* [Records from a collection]
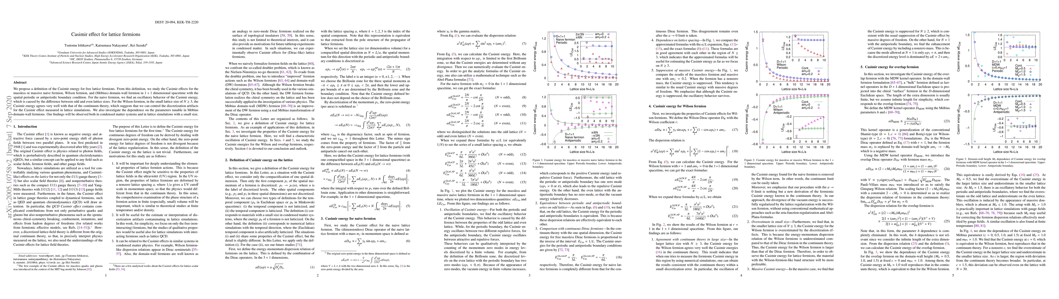 This paper defines the Casimir energy for lattice fermions and examines its behavior for different types of fermions in 1+1 dimensional spacetime. It finds oscillatory Casimir energy for naive fermions and good agreement with continuum theory for Wilson fermions in small lattice sizes, suggesting effective control over discretization artifacts.
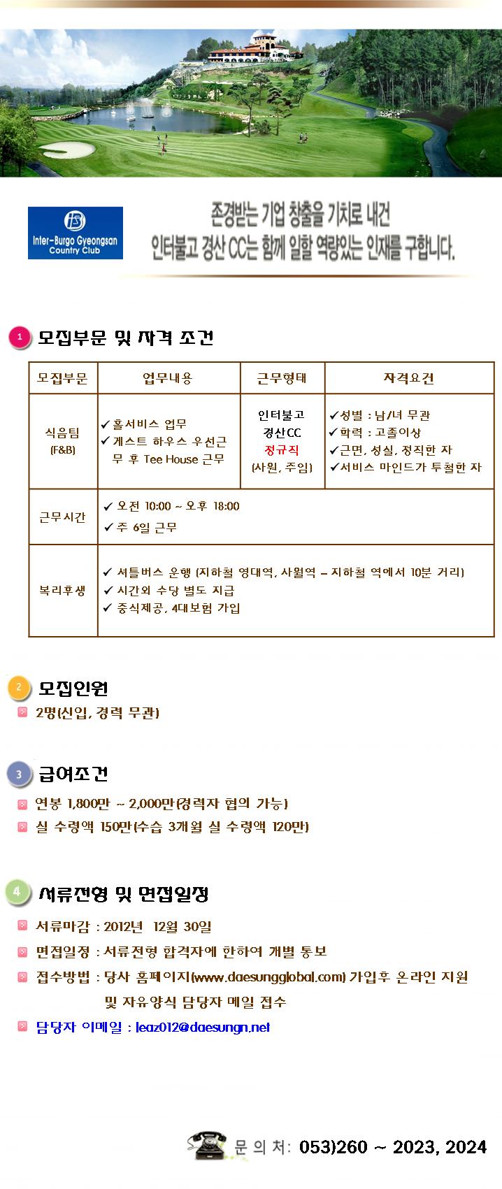 | 제목 | 인터불고 경산CC 웨이트리스 사원 모집 | ||||
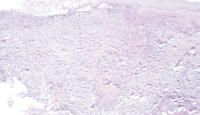 Figure 4. Photomicrograph of lesional skin biopsy showing epidermal necrosis and a massive dermal infiltrate of neutrophils (hematoxylin-eosin, original magnificationx40).
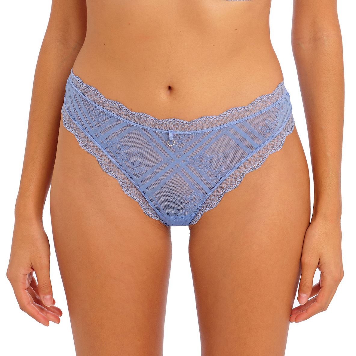 Freya Fatale Brazilian in cornflower, with a geometric floral design and a silver ring charm in the centre.
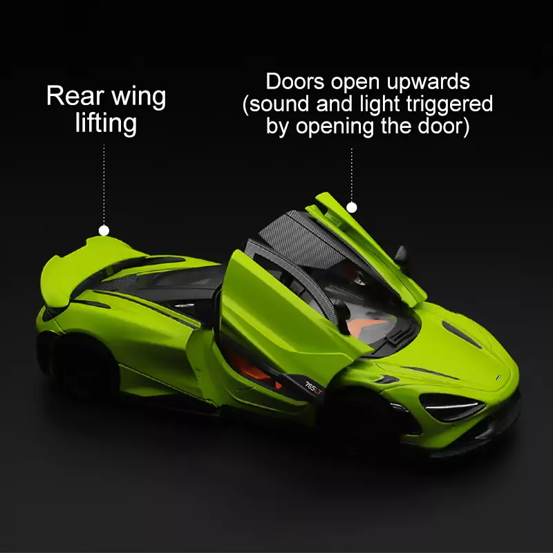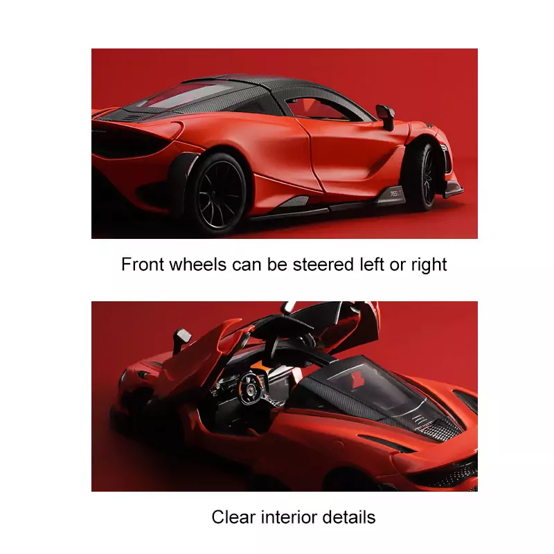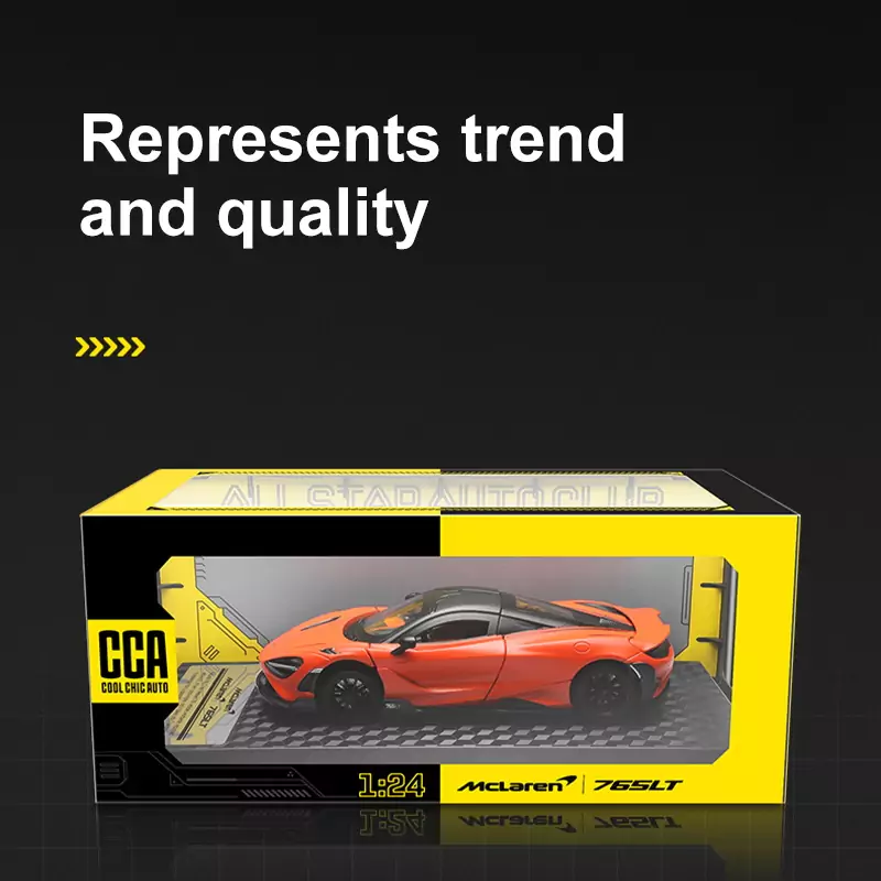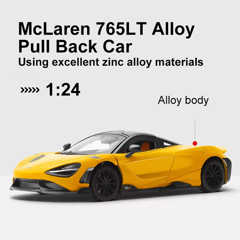 | Product Name | 1:24 McLaren 765LT (Mute Orange/Green/Yellow) Alloy Pull Back Die Cast Car |
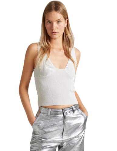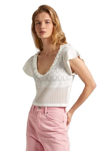 Pepe Jeans dam Goldie Top Stickat, Vit (Mousse Vit), M, Vit (Mousse vit), M
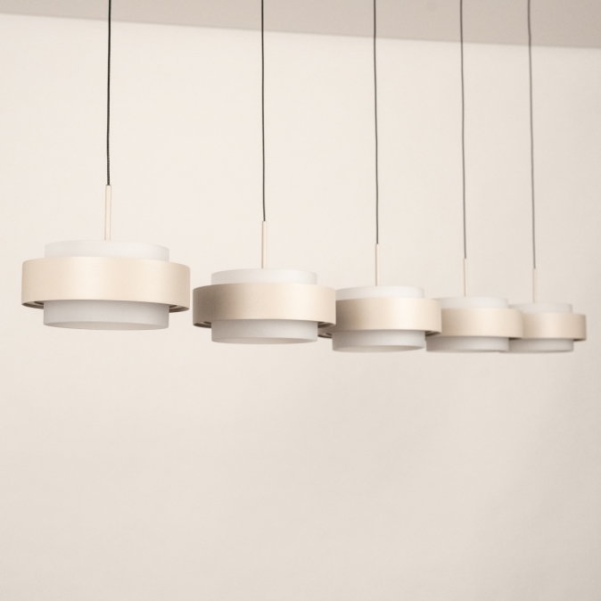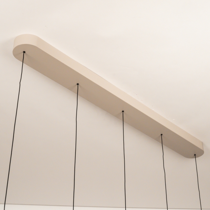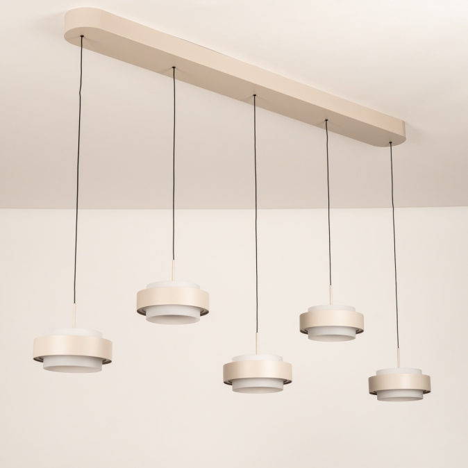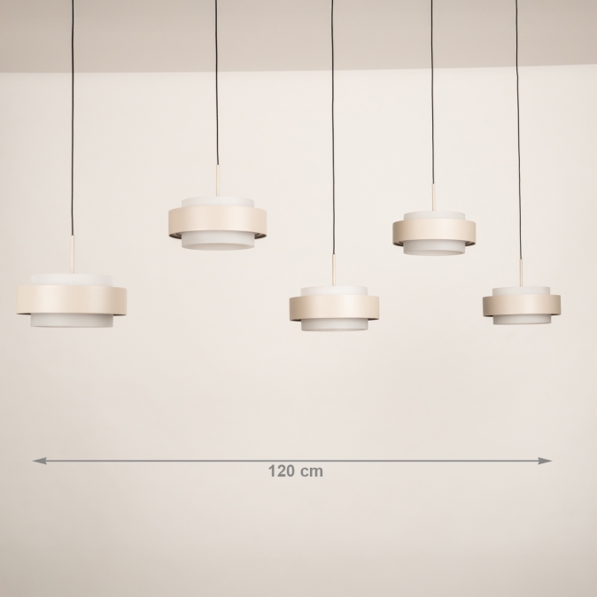 Deze 5-lichts hanglamp heeft een langwerpige plafondplaat van 120 cm en levert in totaal 5250 lumen. Dankzij de Dim to Warm-techniek wordt het licht warmer als je dimt: van 3000 naar 2200 Kelvin. Met slechts 18 Watt verbruik per kap is deze lamp energiezuinig én stijlvol. De lamp is uitgevoerd in beige gespoten metaal (RAL 120-6) en is dimbaar met een LED-dimmer (niet inbegrepen), zodat je altijd de juiste sfeer kunt creëren.Lichtwaarden
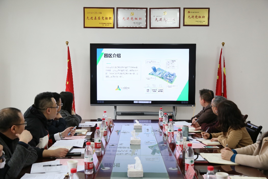 邓君部长就园区的地域分布,平台建设、与高校签订战略协议等基本情况进行了介绍。中心副主任魏建对产业园的规模、职能情况、发展情况等方面作了相应补充,并表示,产业园的发展壮大离不开高校,与高校开展相应合作是产业园促进人才发展的强烈需求,希望在园区和学校的合作之下,促进人才引进工作的顺利进行,解决大学生毕业前实习见习工作,促进大学生就业创业工作的顺利开展。
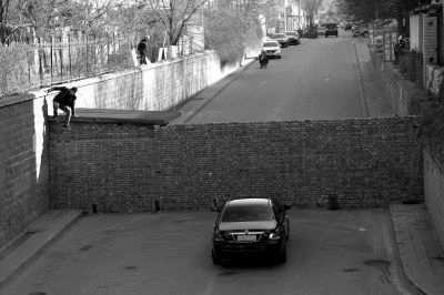 路口被砌了一堵墙,过马路的人只好翻墙。
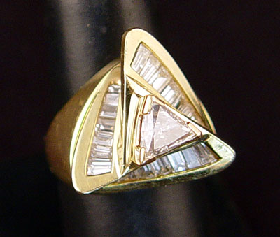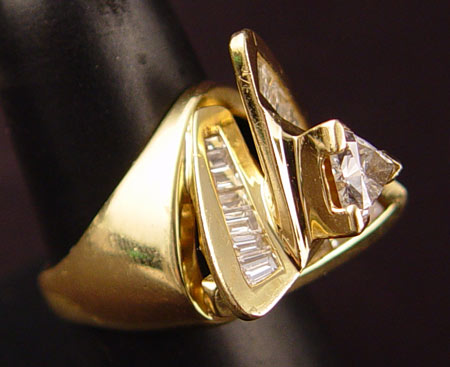 1 CT TRIANGLE BRILLIANT CUT DIAMOND RING: 14k yellow gold Space Age design ring featuring an approx. 1 Ct. triangle brilliant cut diamond, rated VS2 in clarity and G in color. 24 straight and tapered baguette cut diamonds fill in the Space Age look. Approx, 1.25 Ctw., average VS in clarity and G in color. Center diamond is prong set, small diamonds are channel set. Size 7.5. Weight 15.7 grams. No Reserve.

* [ACTIVITY] From the records above, copy exactly the lines starting at the one with "Figure 4. Photomicrograph" and ending at the one with "邓君部长就园区的地域分布,平", and no others. Pictures stay out.

* [RESULT OF THE TASK]
 Figure 4. Photomicrograph of lesional skin biopsy showing epidermal necrosis and a massive dermal infiltrate of neutrophils (hematoxylin-eosin, original magnificationx40).
 Freya Fatale Brazilian in cornflower, with a geometric floral design and a silver ring charm in the centre.
 | Product Name | 1:24 McLaren 765LT (Mute Orange/Green/Yellow) Alloy Pull Back Die Cast Car |
 Pepe Jeans dam Goldie Top Stickat, Vit (Mousse Vit), M, Vit (Mousse vit), M
 Deze 5-lichts hanglamp heeft een langwerpige plafondplaat van 120 cm en levert in totaal 5250 lumen. Dankzij de Dim to Warm-techniek wordt het licht warmer als je dimt: van 3000 naar 2200 Kelvin. Met slechts 18 Watt verbruik per kap is deze lamp energiezuinig én stijlvol. De lamp is uitgevoerd in beige gespoten metaal (RAL 120-6) en is dimbaar met een LED-dimmer (niet inbegrepen), zodat je altijd de juiste sfeer kunt creëren.Lichtwaarden
 邓君部长就园区的地域分布,平台建设、与高校签订战略协议等基本情况进行了介绍。中心副主任魏建对产业园的规模、职能情况、发展情况等方面作了相应补充,并表示,产业园的发展壮大离不开高校,与高校开展相应合作是产业园促进人才发展的强烈需求,希望在园区和学校的合作之下,促进人才引进工作的顺利进行,解决大学生毕业前实习见习工作,促进大学生就业创业工作的顺利开展。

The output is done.